Managing Cash Flow Reporting in B2B
Seamless cash flow is not the only consideration businesses have when debating whether to adopt real-time payments on the RTP network, Carter noted. Businesses also prioritize having up-to-date financial status data that will enable them to carefully oversee liquidity across all their various bank accounts and to make accurate decisions.
U.S. Bank has found that some business clients are cautious about sending and receiving payments via 24/7 rails until they understand how the financial reporting will be handled so they can maintain accurate data visibility in a faster transaction environment.
“We’ve had conversations with businesses that want to understand, ‘OK, if I get a real-time payment at 1 a.m. on a Sunday, how is that going to impact my [cash] position? Is it going to flow into my reporting in a way I can easily adjust to, or will [the bank] start sending me reports on Sunday as well?’” Carter said.
These kinds of concerns have led to companies being somewhat slower to adopt the RTP network for B2B use cases, he said, instead focusing on using the network for simpler situations like delivering payroll, insurance claim disbursements and other funds to consumers who do not need that same level of financial data.
“On the consumer side, [cash flow reporting is] not a concern,” Carter said. “If you’re expecting to be paid, whether that’s for your expenses, payroll or commission, you just want the funds to arrive as quickly as possible and aren’t worried about how that impacts your positions across multiple banking relationships.”
Delivering quick payroll is a prime concern for many companies, and employers looking to improve how they deliver earnings to employees often consider options like payment apps, push-to-card disbursements and the RTP network. Push-to-card offerings are reportedly particularly useful in paying unbanked employees quickly by providing alternatives to paper checks. Carter noted that payroll transactions sent to prepaid cards or digital wallets are often secured via tokenization — a desirable feature. This security measure ensures that unique, one-time codes are transmitted in place of account information and other sensitive data, preventing hackers from being able to steal and use the details.

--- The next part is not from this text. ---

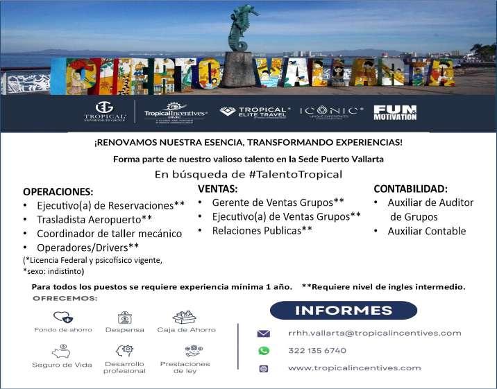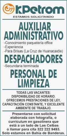 Estamos solicitando en diferentes áreas Administrativas, Operativas y de Servicios, muchas vacantes. Interesados acudir a Av. de Los Tules N.169 Col. Jardines Vallarta.

Using the RTP network can be simpler and more compelling for some types of businesses, such as those already accustomed to delivering payroll via ACH direct deposit. These employers may find it easy to transition to the RTP network because they have already collected the bank account details needed for delivering such payments, according to Carter.
“Customers used to making payments via ACH are already going to have [routing numbers] and [demand deposit account details] associated with those employees or contractors who are going to be receiving funds, so transitioning over to an RTP [network] solution is seamless,” he said. “All they need to do is take the same details they had in the ACH file and put it into an RTP [network] file.”
Employers using the RTP network can also avoid concerning themselves with maintaining payment card industry (PCI) compliance — a must for businesses using push-to-card options — or with having to introduce workers to new tools like payment apps. The RTP network still comes with limitations, however, as companies seeking to leverage this method must ensure that their employees hold bank accounts at FIs participating in the network. Fifty-six percent of demand deposit accounts in the U.S. are connected to the network at present, and more are expected to join over time.
Businesses are facing an economic environment in which fast disbursements of vendor payments and employee payroll are increasingly important, and they will need to carefully select the payment tools that can help them tackle this need. Different priorities around budget, data management and adoption processes will lead companies to specific tools, even as they work toward the common goal of swifter transactions.